Another thread can do stuff like this:

var tmp = this.Obj;
// ** read barrier here?? 
use(tmp.A);

Objects like 'Obj' are only written once, then read by multiple threads (multiple times).

I know that Obj is never null in both threads; I also don't care about the synchronization of 'this.Obj'. What I do care about is that once I read the reference tmp = Obj, the contents (e.g. A and B) are also valid.

My question is: Do I need memory barriers (e.g. Thread.MemoryBarrier();) at the above marked positions to ensure that or is this always implicitly OK?

It seems that people dislike this question.

My question originates from the following. I've read up on memory fences and they guarantee: (quote)

The processor executing the current thread cannot reorder instructions in such a way that memory accesses prior to the call to MemoryBarrier execute after memory accesses that follow the call to MemoryBarrier.
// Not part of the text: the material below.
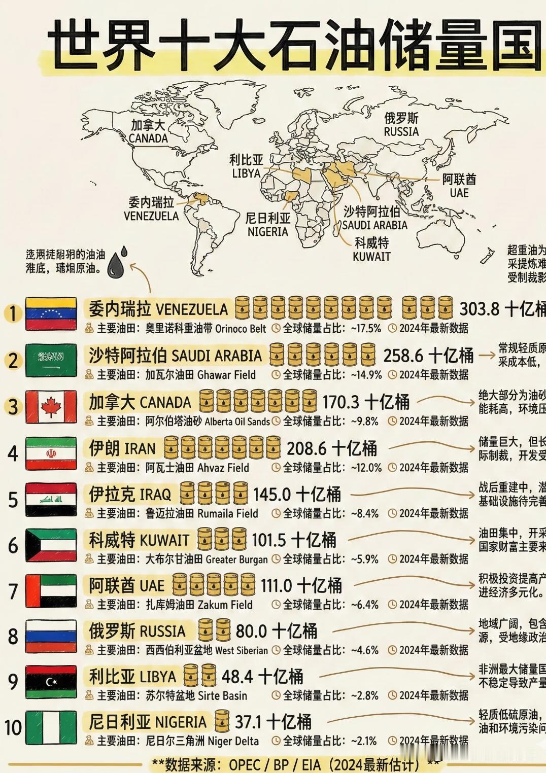 世界十大石油储量国,委内瑞拉第一 提到石油,你可能第一反应是沙特,但你知道全球石油储量最多的国家其实另有其人吗?🤔 石油作为“工业的血液”,不仅是能源,更是大国博弈的筹码。今天带大家扒一扒全球石油储量的顶级玩家,看看谁才是真正的“家里有矿”!👇 1. 委内瑞拉 (约3038亿桶) 👑 关键词: 储量冠军、重油。 虽然排名第一,但大多是像沥青一样的重油,开采成本极高且提炼难度大。空有宝山,却难以完全变现。 2. 沙特阿拉伯 (约2975亿桶) 🇸🇦 关键词: 成本极低、石油心脏。 沙特的油不仅多,而且好开采,成本全球最低。阿美石油公司的一举一动都能引发全球油价地震。 3. 加拿大 (约1681亿桶) 🇨🇦 关键词: 油砂。 储量惊人,但97%都在油砂里,开采过程极其“费钱”且不环保,对国际油价非常敏感。 4. 伊朗 (约1578亿桶) 🇮🇷 关键词: 长期受限。 作为中东老牌强国,储量丰厚,但受限于国际局势,其产能不能完全释放。 5. 伊拉克 (约1450亿桶) 🇮🇶 关键词: 潜力巨大。 经历多年动荡后,伊拉克正在努力恢复基建,是未来全球增产的重要来源。 6. 俄罗斯 (约1078亿桶) 🇷🇺 关键词: 资源大户、北极潜力。 除了现有的西伯利亚油田,北极圈内还埋藏着巨大的未开发财富。 7. 科威特 (约1015亿桶) 🇰🇼 关键词: 小而美。 国土虽小,但大布尔干油田是世界第二大油田,靠石油支撑起了极高的福利。 8. 阿联酋 (约978亿桶) 🇦🇪 关键词: 转型先锋。 绝大部分储量在阿布扎比。阿联酋正在利用石油财富积极投资新能源。 9. 美国 (约688亿桶) 🇺🇸 关键词: 页岩油革命。 虽然储量排第九,但靠着页岩油技术,美国现在是全球最大的产量国,实现了能源自给。 10. 利比亚 (约484亿桶) 🇱🇾 关键词: 非洲之冠。 非洲储量最大的国家,油质极佳(低硫),深受欧洲炼油厂喜爱。 💡 知识点:储量 ≠ 财富 能不能致富,还得看**“开采成本”和“政治环境”**。这就是为什么委内瑞拉空有第一储量,却没能像沙特一样富裕。 全球能源转型正在加速,你觉得这些国家谁能笑到最后?欢迎在评论区聊聊!💬

If you look at the code, the CPU / compiler might be able to re-write the code:

var tmp1 = new MyObject();
tmp1.A = i;
tmp1.B = 2;
this.Obj = tmp1;

and worse:

var tmp1 = new MyObject();
this.Obj = tmp1;
tmp1.A = i;
tmp1.B = 2;

If another thread picks up the last case, it can read this.Obj from memory, while A and B still have the default value.

Note that it's not just a matter of what the compiler is able to reorder; it's also a matter of what the CPU is allowed to reorder.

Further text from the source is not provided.